Warman et al. (1998) pointed out that although the presence of ectodermal abnormalities in the patients of Marshall (1958) had been emphasized, e.g., sparse hair, eyebrows, and eyelashes, the patients, in fact, did not have these; instead, Marshall (1958) thought that his patients had an altered ability to sweat. When comparing his patients with a 32-year-old female control, Marshall (1958) observed that sweat production was 'diminished, perhaps 25% below normal.'

Molecular Genetics

In affected members in a large kindred with Marshall syndrome in which linkage analysis had mapped the phenotype to the 1p21 region, Griffith et al. (1998) demonstrated a splice-donor site mutation in the COL11A1 gene (120280.0002). The results demonstrated allelism of Marshall syndrome with a subset of Stickler syndrome families associated with COL11A1 mutations.

Both Stickler syndrome and Marshall syndrome are dominantly inherited chondrodysplasias characterized by midfacial hypoplasia, high myopia, and sensorineural hearing deficit. Since the characteristics of these syndromes overlap, it has been argued whether they are distinct entities or different manifestations of a single syndrome. Several mutations causing Stickler syndrome had been found in the COL2A1 gene (see, e.g., 120140.0005) and 1 mutation causing Stickler syndrome (120280.0001) and 1 causing Marshall syndrome (120280.0002) had been detected in the COL11A1 gene. By screening patients with Stickler syndrome, Stickler-like syndrome, or Marshall syndrome, Annunen et al. (1999) identified 23 novel mutations of the COL11A1 gene. Genotypic-phenotypic comparisons revealed an association between the Marshall syndrome phenotype and the splicing mutations of the 54-bp exons in the C-terminal region of the COL11A1 gene. Null-allele mutations in the COL2A1 gene led to the typical phenotype of Stickler syndrome. Some patients, however, presented with phenotypes of both Marshall and Stickler syndromes (120280.0003).
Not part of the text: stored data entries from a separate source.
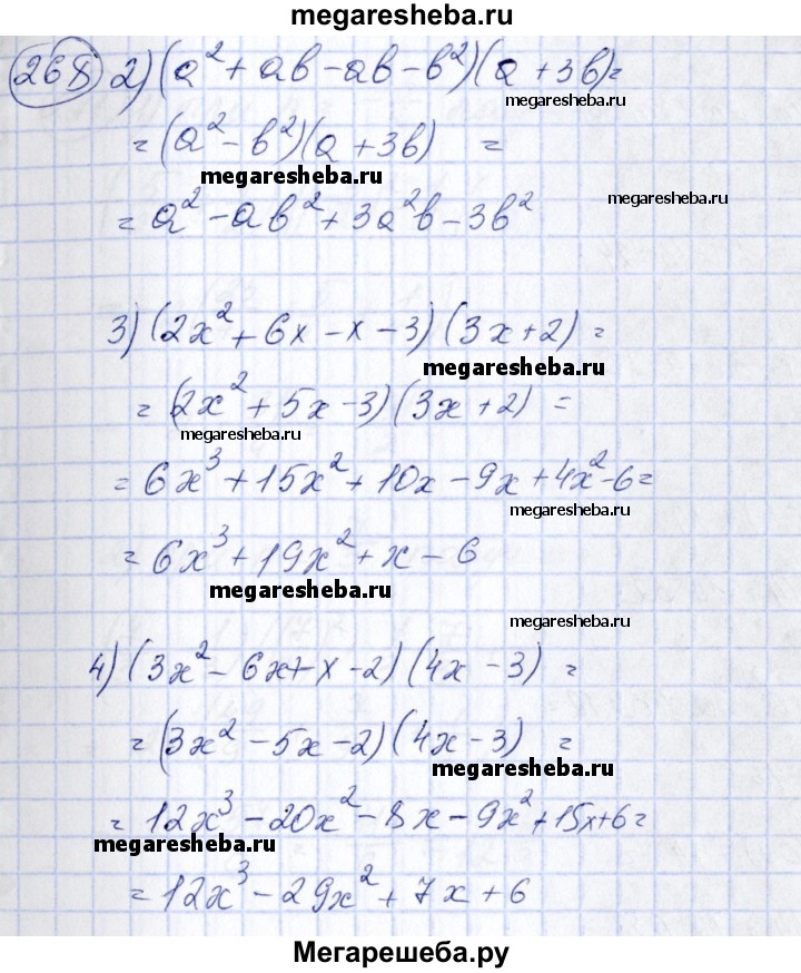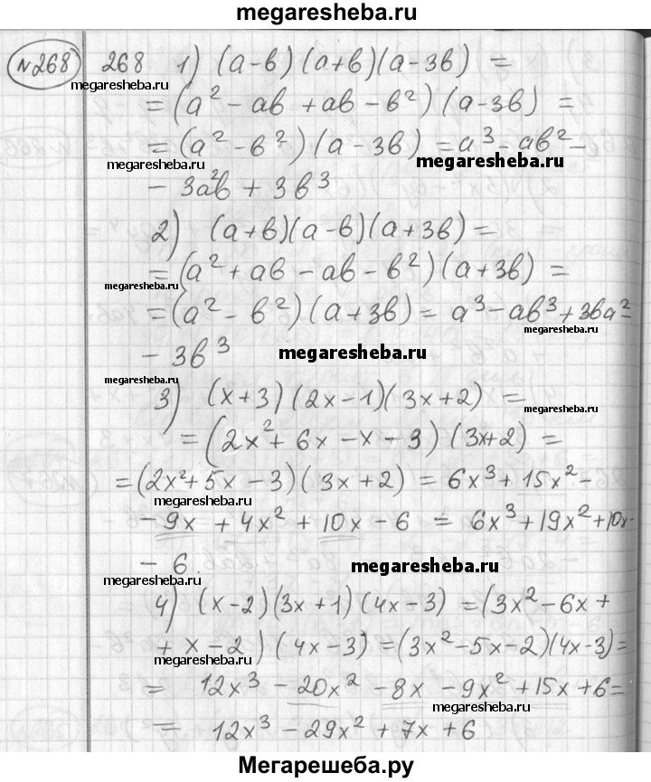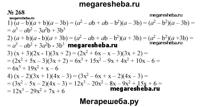 268 1) (а - b)(а + b)(а – 3b); 2) (а+b)(а-b)(а + 3b); 3) (x + 3)(2л:-1)(Зx + 2); 3) (x-2)(3x+1)(4x-3).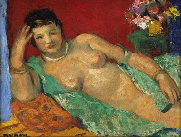 Nu accoudé au drap vert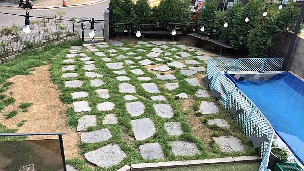 地下(店外範圍)是個讓狗狗們奔走的小花園和游泳池(?)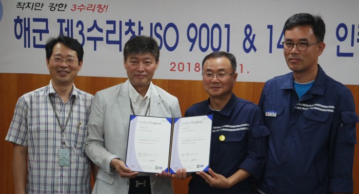 해군 3함대 3수리창이 획득한 ISO 9001, 14001은 ISO(국제표준화기구)가 제정한 품질. 환경경영시스템에 대한 국제표준규격으로 품질, 환경 분야에서 국제기준의 요구사항 및 고객의 요구사항에 만족하고 지속해서 유지 관리되고 있다는 것을 인증 받은 쾌거다.

Majava et al. (2007) analyzed 44 patients with a phenotype suggestive of Stickler syndrome or Marshall syndrome who were negative for mutations in the COL2A1 gene, and they identified mutations in COL11A1 in 10 patients (see, e.g., 120280.0002 and 120280.0006). Four of the 10 mutation-positive patients were diagnosed with Marshall syndrome, but the remaining 6 showed an overlapping Marshall/Stickler phenotype. Majava et al. (2007) concluded that heterozygous COL11A1 mutations can result in either Marshall syndrome or Stickler syndrome, and also in phenotypes that are difficult to classify with respect to the 2 disorders. A type I vitreous anomaly was diagnosed in a patient with a mutation in COL11A1 (120280.0006), suggesting that the vitreous phenotype does not always allow prediction of the defective gene in Stickler and Marshall syndromes.

Ala-Kokko and Shanske (2009) reported a 3-year-old boy with Marshall syndrome in whom they identified heterozygosity for a splice site mutation in the COL11A1 gene (120280.0012). Mosaicism for the same mutation was demonstrated in his mildly affected mother and believed to be the cause of her less severe manifestations. Ala-Kokko and Shanske (2009) stated that this was the first report of mosaicism in Marshall syndrome.

Nomenclature

Note that the designation 'Marshall syndrome' has sometimes been used for the Marshall-Smith syndrome; see 602535.